Cavill, for whom working with Ritchie was the number one reason he signed onto the project, concurs. “His movies are fantastic and his filmmaking style is unique.  There’s no over-rehearsing, so you can get in there and do it, and it feels very fresh and new when you shoot.”

“It really keeps you sharp.  You have to do your homework and show up ready for anything because things can change,” adds Hammer, who likewise jumped at the chance to work with the acclaimed director.  “I think he intentionally keeps the atmosphere light because you get the best work when everyone is free and everything is flowing.  It’s an open, inviting, creative space and that’s what Guy tries to cultivate on the set.”

Credits

John Davis (“Chronicle”), Steve Clark-Hall (“RocknRolla,” the “Sherlock Holmes” films), Lionel Wigram, and Guy Ritchie produced the film, with David Dobkin serving as executive producer.

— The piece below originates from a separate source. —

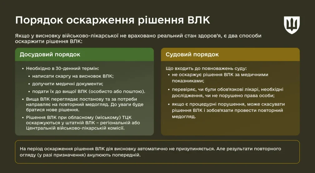 Якщо не влаштовує рішення ВЛК при обласному (міському) ТЦК, його можна оскаржити у штатній ВЛК – регіональній або Центральній військово-лікарській комісії.

Ritchie’s behind-the-scenes creative team included two-time Oscar-nominated director of photography John Mathieson (“The Phantom of the Opera,” “Gladiator”), production designer Oliver Scholl (“Jumper,” “Edge of Tomorrow”), editor James Herbert (the “Sherlock Holmes” films, “Edge of Tomorrow”), Oscar-nominated costume designer Joanna Johnston (“Lincoln”), and composer Daniel Pemberton (“The Counselor”).

“The Man from U.N.C.L.E.” will be shown in IMAX in select theaters.

A Warner Bros. Pictures presentation, a Ritchie/Wigram Production, a Davis Entertainment Production, a Guy Ritchie Film, “The Man from U.N.C.L.E.” will be distributed worldwide by Warner Bros. Pictures, a Warner Bros. Entertainment Company.